I have been asked this question from a junior and could not solve the question in a simple way. I am asking help on this platform.
For a triangle $ABC$, Points $D, E$ on $AB$, where $AD:DE:EB=2:2:1$. Point $H$ on $AC$, where $AH:HC=5:3$. Point $G$ on $BC$, where $BG:GC=1:1$. Point $F$ is the intersection between $DG$ and $EH$.
Given area $ADFH$ = 100 $cm^2$, find area $BEFG$.
The difficulty is I don't see any line parallel, so I can't find any similar triangle.
What I have derived from triangle area formula is area $AEH$: area $ABC$ = $1:2$ and area $BDG$: area $ABC$ = $3:10$. But to get area $DEF$'s ratio, I spend quite a long time finding the ratio $EF:FH$.
This should not be such a hard question, so I want to know if there is an easier way of finding the answer.
This is too long for a comment.
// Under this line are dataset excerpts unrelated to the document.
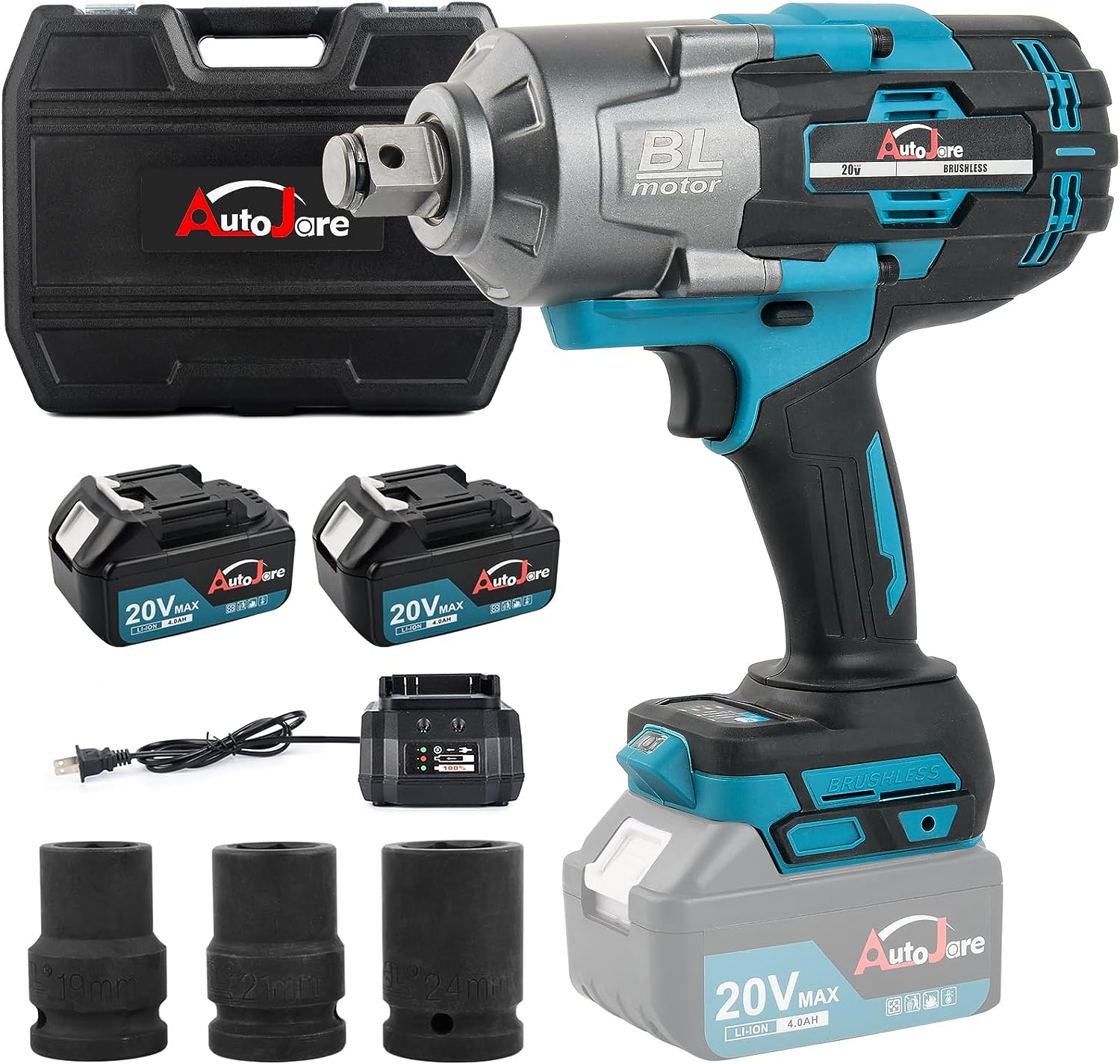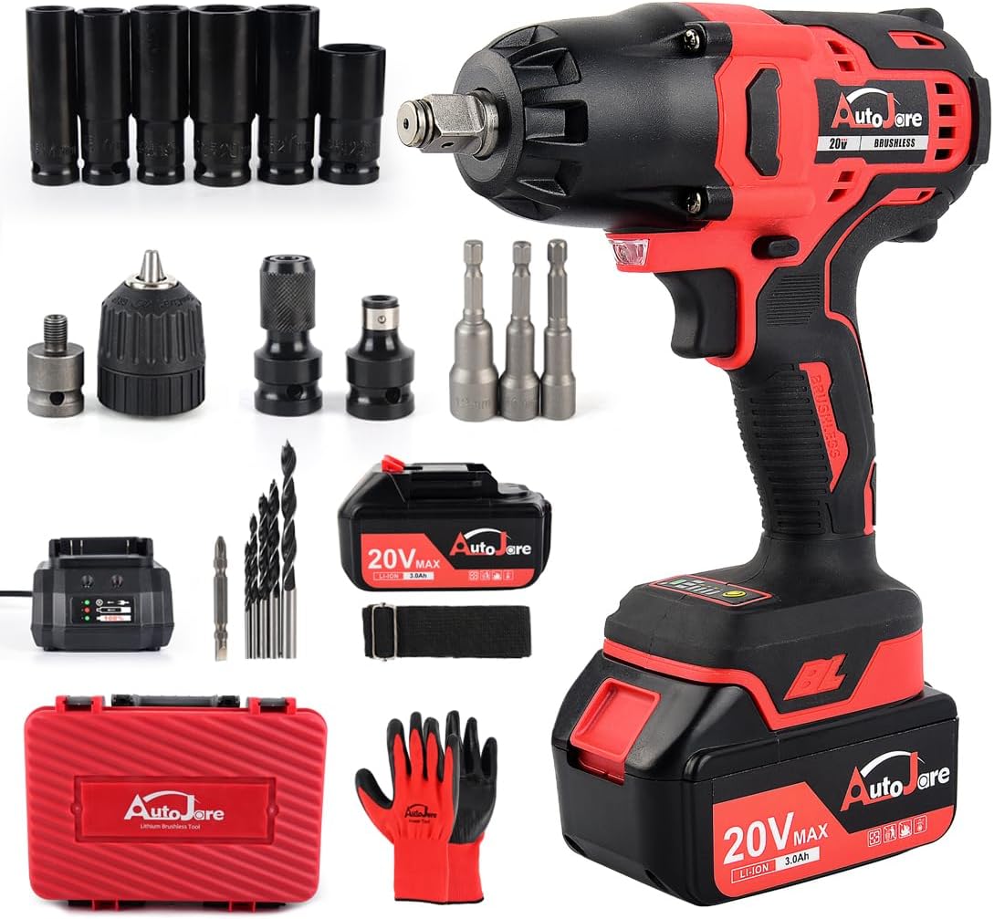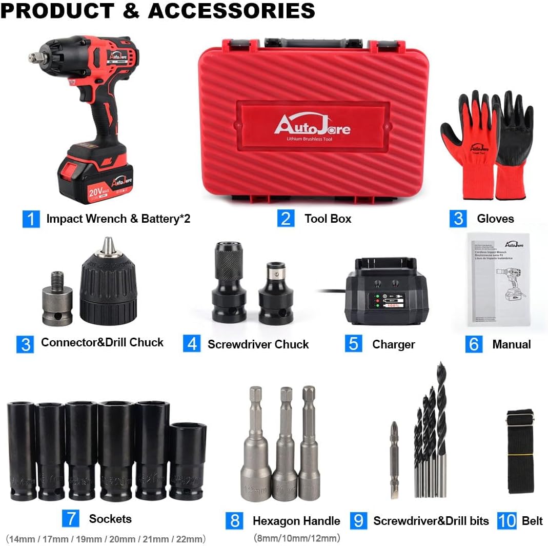 AUTOJARE Cordless Impact Wrench Kit 1/2 inch,Electric Powerful Brushless Motor 20V Max Rechargeable Lithium-Ion Battery with Charger 6pcs Sockets Cordless Wrench Kit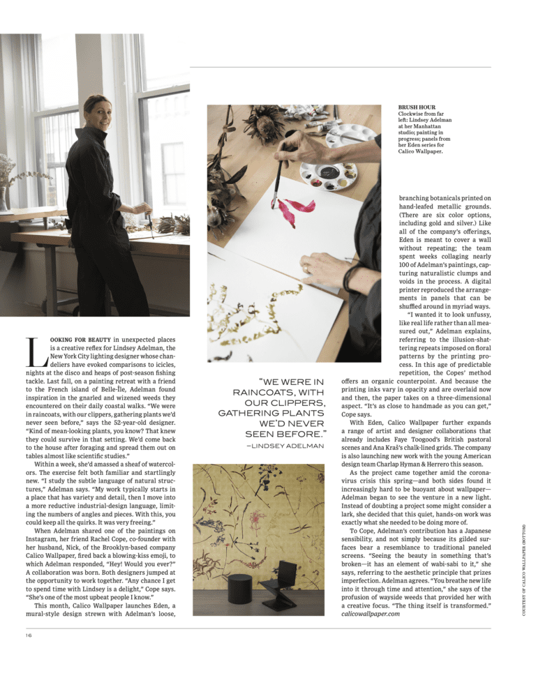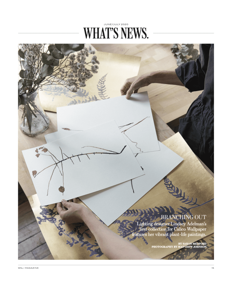 Calico Wallpaper’s collaboration with lighting designer Lindsey Adelman culminated in the production of the Eden Collection. A behind-the-scenes look at the process behind the collection was shown in this Wall Street Journal piece featured in the June/July 2020 issue of the printed magazine.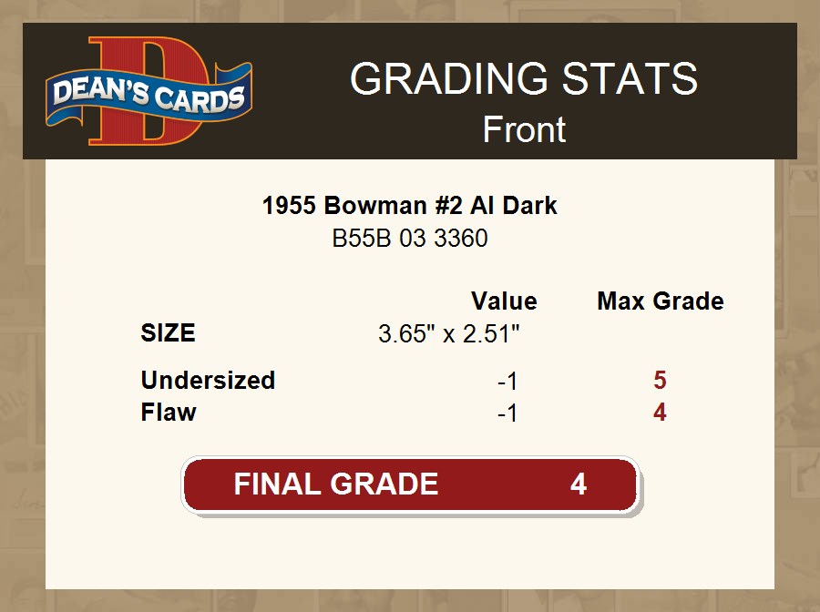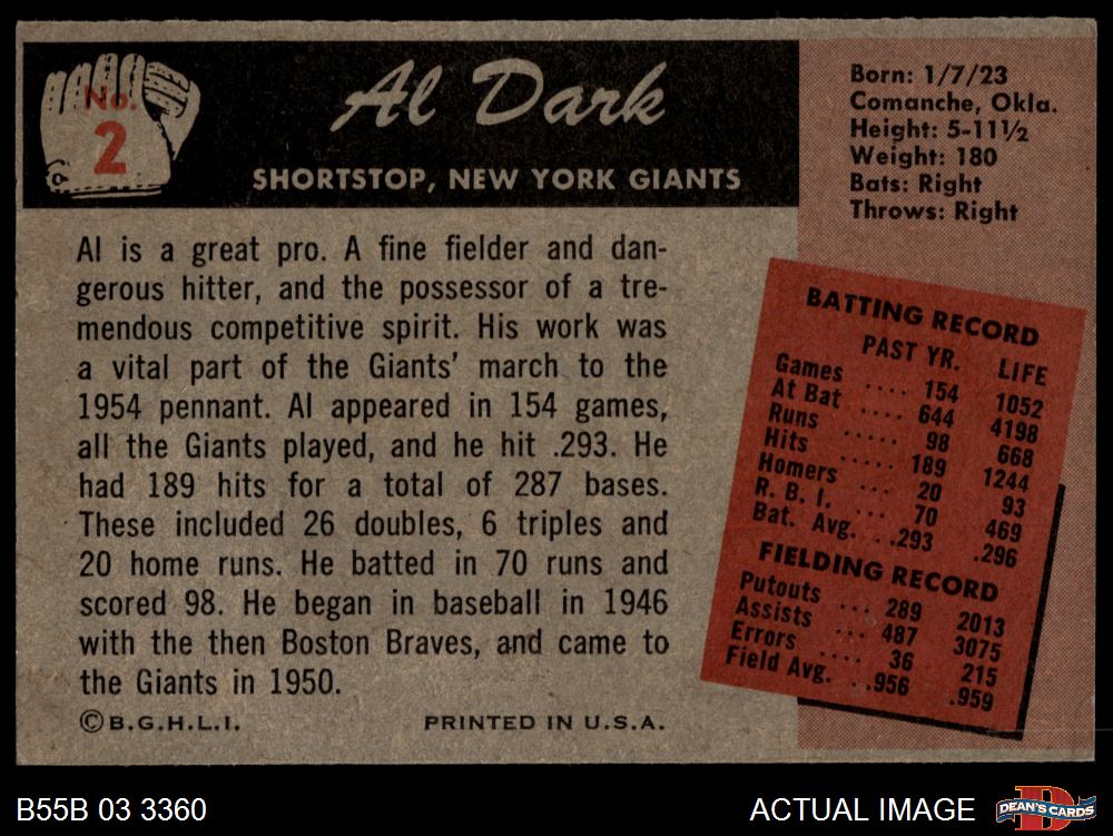 1955 Bowman #2 Al Dark 4 - VG/EX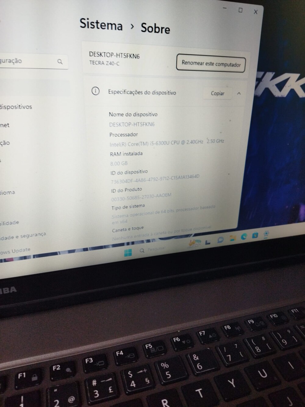 Portátil Toshiba Z40-C Intel Core i5-6 Geração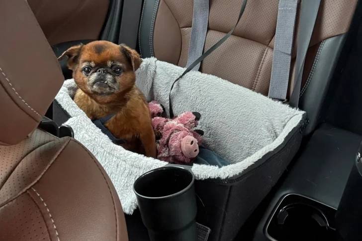 Un Griffon Bruxellois dans un panier et portant un harnais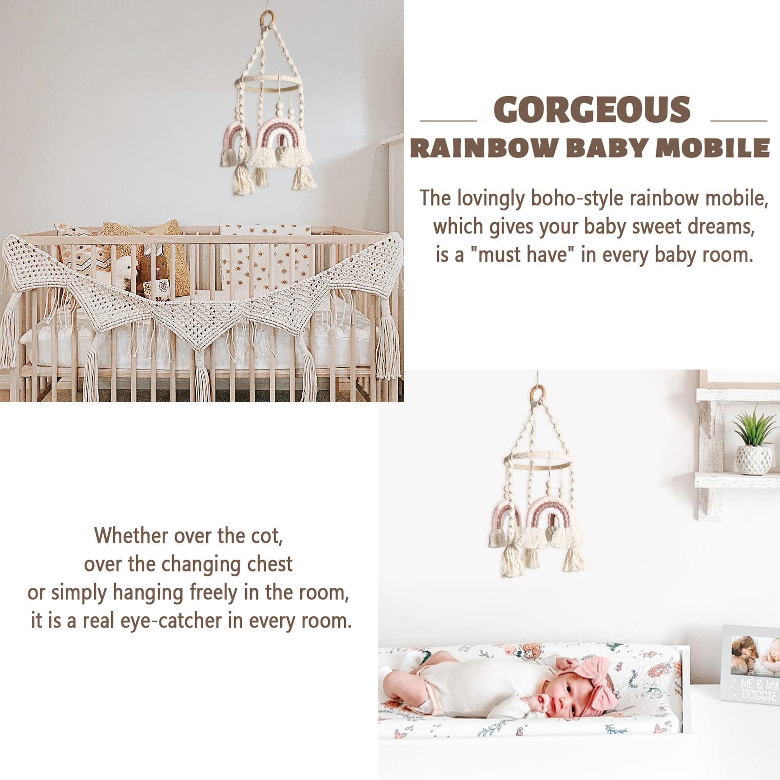 šćNATURAL ECO-FRIENDLY MATERIALćThe gorgeous rainbow baby mobile is made of 100% environmentally friendly natural materials - cotton, yarn, wooden hoop. All rainbows and tassels are made of 100% cotton and individually handcrafted. Safe and soft. Give your rainbow baby your natural love!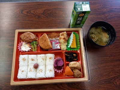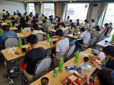まねき食品で美味しいご飯をいただきました。とても暑いですが,美味しいご飯と,PTAの方からいただいたお茶で,みんな元気になりました。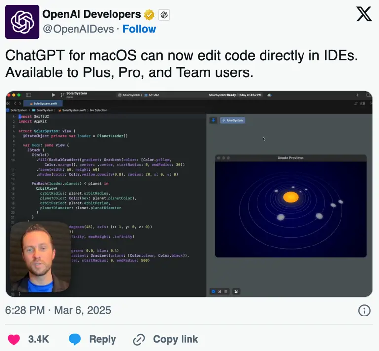 OpenAI于本周四宣布,针对macOS平台的ChatGPT应用重磅更新,新增原生集成Xcode、VS Code等主流IDE的代码编辑能力。此次升级标志着ChatGPT正式加入苹果Swift Assist与微软GitHub Copilot的AI编程助手战局。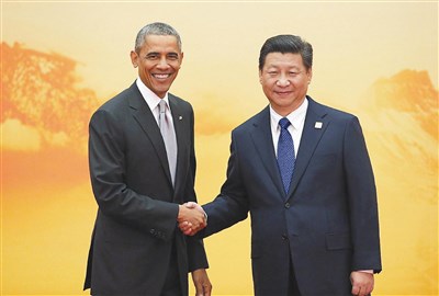 美國總統歐巴馬(左)和大陸國家主席習近平十一日在北京雁棲湖國際會議中心舉行的亞太經合會上握手。圖/路透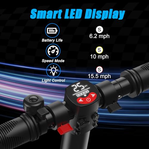 Enjoy clear visibility with the LED display showing current speed, mode, battery life, and headlight status. With 3 adjustable speed modes (6MPH, 10MPH, 15.5MPH) and support for up to 220 lbs, it’s versatile for kids, teens, and adults. It’s ideal for both play and travel.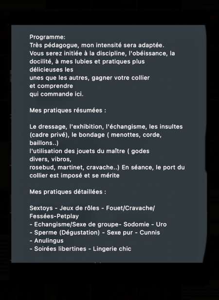 Bienvenue, Curieuses ou débutantes acceptées. Uniquement pour femmes (100 hetero) Je reçois. Pratiques et programme à lire sur les photos Pour les couples : éducation bdsm, rendez vous candau, trio, organisation de pluralité/gang bang.

Let $\overrightarrow{AB}=a$ and $\overrightarrow{AC}=b$. Then $$0=\overrightarrow{AH}+ \overrightarrow{HF}+\overrightarrow{FD}+\overrightarrow{DA}.$$ Now substitute
$\overrightarrow{AH}=\frac{5}{8}b$,
$\overrightarrow{HF}= x\overrightarrow{HE} =x(-\frac{5}{8}b+\frac{4}{5}a)$,
$\overrightarrow{FD}=y\overrightarrow{GD}=y\bigl(\frac{1}{2}(a-b)-\frac{3}{5}a\bigr)$ and
$\overrightarrow{DA}=-\frac{2}{5}a$
in that equation to get $$\left(\frac{4}{5}x-\frac{1}{10}y-\frac{2}{5}\right)a + \left(\frac{5}{8}-\frac{5}{8}x-\frac{1}{2}y\right)b=0.$$ From here $x=21/37$.